Epithelial cell death and erosion
Intracellular acidosis activates lysosomal enzymes, generates reactive oxygen species on reperfusion, and triggers apoptosis/necrosis of surface cells. Shallow erosions form — they do NOT initially breach the muscularis mucosae (hence "superficial"). Lesions are multiple and cluster in the acid-secreting fundus and body.
Ulceration and bleeding
If the insult continues, erosions deepen into the submucosa where arterioles lie. Erosion into a submucosal vessel = clinically significant bleeding. Concurrent coagulopathy or thrombocytopenia converts a trivial ooze into a life-threatening haemorrhage — which is why coagulopathy multiplies bleeding risk 4-15x.
Why the fundus and body? — the acid-secreting mucosa bears the brunt
SRMD lesions cluster in the gastric fundus and body — the parietal-cell mass that secretes acid. Two reasons: (1) this mucosa is bathed in the highest concentration of back-diffusing H+; (2) the energy demand of the proton pump makes these cells exquisitely sensitive to ischaemia.
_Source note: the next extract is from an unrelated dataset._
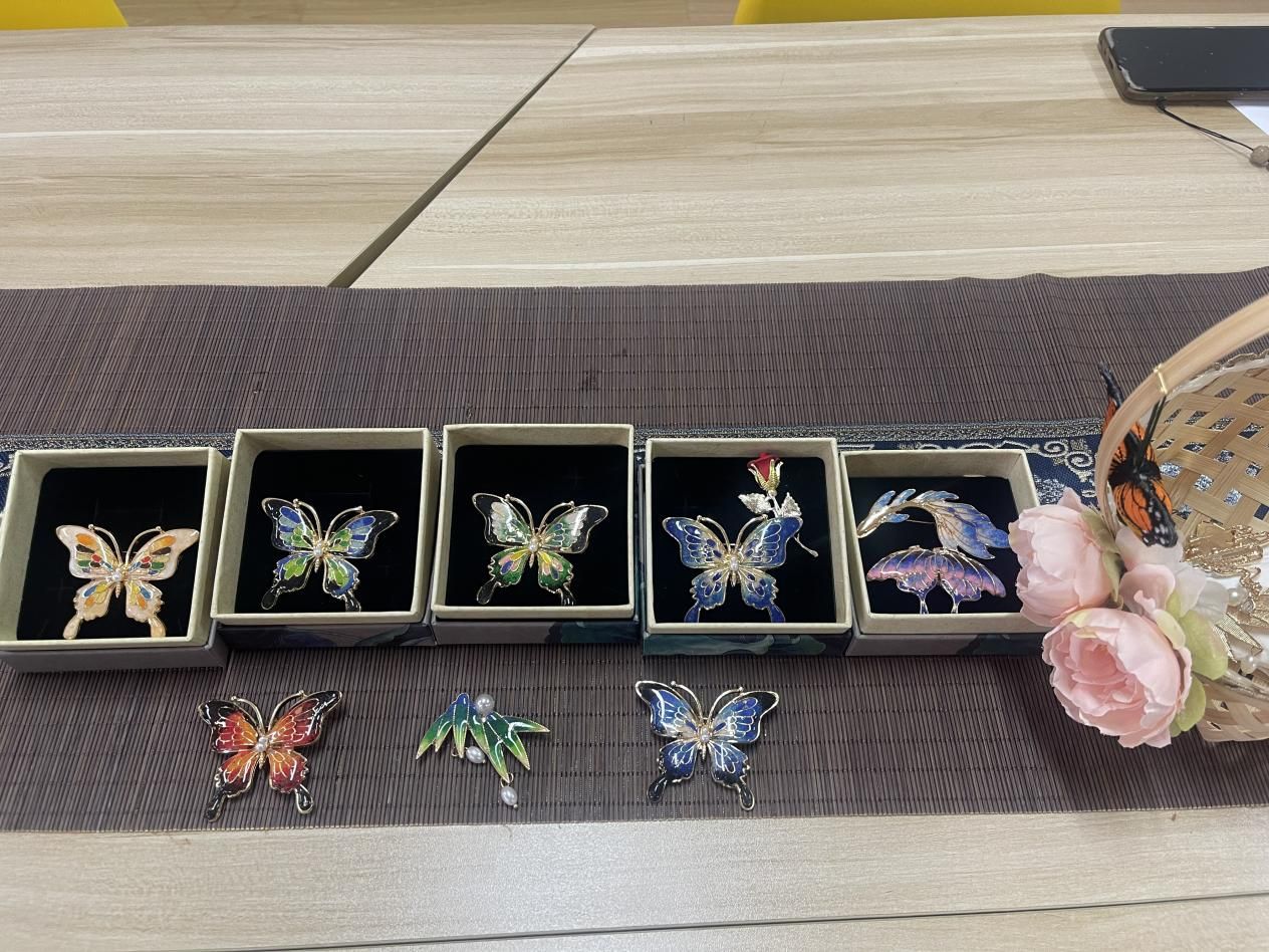 指导老师首先为大家讲解景泰蓝工艺的历史渊源,随后分发彩沙、调料盘、刻刀、胶水、胸针、手链等材料,此次手工省去了掐丝的环节,只需将珐琅专用彩砂代替珐琅釉料去进行点蓝、上胶和固封。大家认真聆听,仔细操作,充分发挥自己的创造力和想象力,每一步都充满了挑战和乐趣,每一个作品都活灵活现,别具一格。经过一个多小时的努力,色彩绚丽、独具匠心的景泰蓝胸针及手链就在师生手中诞生,看着自己亲手制作的作品,大家洋溢着满足和自豪的笑容。

The antrum (mucus-secreting, non-acidic) and the duodenum are relatively spared — the opposite distribution to chronic peptic ulcer disease (duodenum/antrum). [1]
SRMD versus peptic ulcer disease — a recurring exam comparison
Stress-related mucosal disease (SRMD) vs peptic ulcer disease (PUD)
| Feature | SRMD (stress ulceration) | PUD (peptic ulcer) |
|---|---|---|
| Setting | Acute critical illness (ICU, shock, burns, TBI) | Chronic outpatient disease |
| Onset | Within 24-72h of insult | Over weeks-months-years |
| Number | Multiple (often dozens) | Single, or few |
| Depth | Superficial erosion (rarely through muscularis mucosae) | Deep (through muscularis mucosae into submucosa/muscularis propria) |
| Site | Gastric fundus and body (acid-secreting mucosa) | Duodenal bulb or gastric antrum |
| Pathogenesis | Splanchnic hypoperfusion → ischaemia → acid back-diffusion | Helicobacter pylori (~90% duodenal), NSAIDs, hypersecretory states (Zollinger-Ellison) |
| Pain | Usually painless until bleeding | Epigastric pain, classically relieved (duodenal) or worsened (gastric) by food |
| Perforation | Rare (lesions are superficial) — EXCEPT Cushing ulcer | Recognised complication (deep ulcer) |
| Bleeding | Clinically significant in 0.1-4% of ICU patients | Common presentation |
| Role of acid | Normal/low acid — barrier FAILURE is the problem | Acid-driven injury to an exposed site |
| Resolution | Resolves as the patient recovers from critical illness | Chronic / relapsing without eradication |
Named syndromes — Curling and Cushing
- Curling ulcer — acute gastric/duodenal ulceration after severe burns (>30% TBSA). Mechanism: hypovolaemia → splanchnic vasoconstriction + reduced plasma volume → mucosal ischaemia, compounded by gastric acid hypersecretion from systemic stress. Classically associated with duodenal ulcers that may perforate.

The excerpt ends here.